Competitive landscape
Major sector players include ExxonMobil, Shell, Chevron, TotalEnergies, and Reliance Petroleum, which rank among the top five companies in terms of revenue. ExxonMobil is expected to generate USD 339.9 billion in 2024, followed by Shell with USD 302 billion, TotalEnergies with USD 210.2 billion, and Chevron with USD 194.7 billion. These companies ensure production, refining, and distribution of aviation fuel on a global scale.
In addition to these leaders, specialized producers such as Neste Corporation and World Energy are focusing on the growth of sustainable fuels. Their role is becoming central as airlines look for solutions compatible with regulatory requirements. Competition is therefore structured between the major oil groups, which dominate conventional production, and emerging players positioned in the SAF segment.
Regional developments
In North America, the market is driven by a robust commercial aviation sector and fiscal incentives favoring biofuel production, notably through the Inflation Reduction Act in the United States. Airlines benefit from a regulatory framework conducive to the integration of alternative fuels, while still consuming conventional fuel on a large scale.

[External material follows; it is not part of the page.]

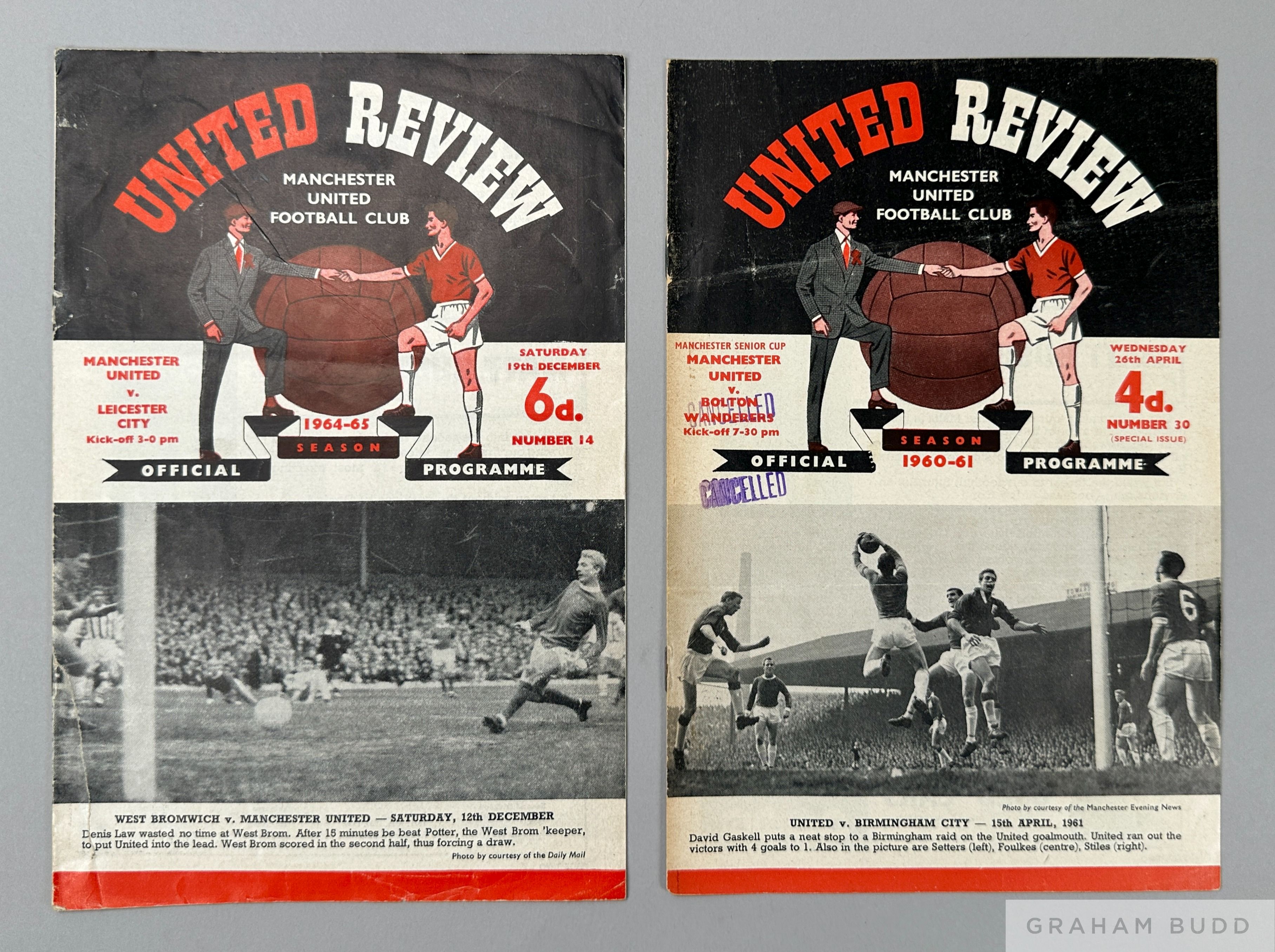 Two Manchester United home match postponed match programmes comprising Leicester City, 19th December 1964 and Bolton Wanderers, Manchester Senior Cup, 26th April 1961 (2)

In Asia-Pacific, growth is the fastest. Rising middle-class incomes and the expansion of aircraft fleets sustain strong demand. China and India are investing in research and development of alternative fuels, while Southeast Asia seeks to attract capital to develop production infrastructure. Countries in this region stand out for their desire to increase energy independence.
In Europe, the dynamic relies on strict regulations. The Emissions Trading System (EU ETS) imposes additional costs on airlines, encouraging greater use of sustainable fuels. Partnerships between European suppliers and carriers are fostering the growth of SAF. Experiments on hydrogen and power-to-liquid fuels illustrate an ongoing diversification.
The Middle East maintains a key position thanks to its refining capacity and central role in intercontinental routes. In Latin America, new airline routes and infrastructure investments drive demand. In Africa, traffic growth remains constrained by economic factors, but demographic expansion and rising trade could stimulate long-term consumption.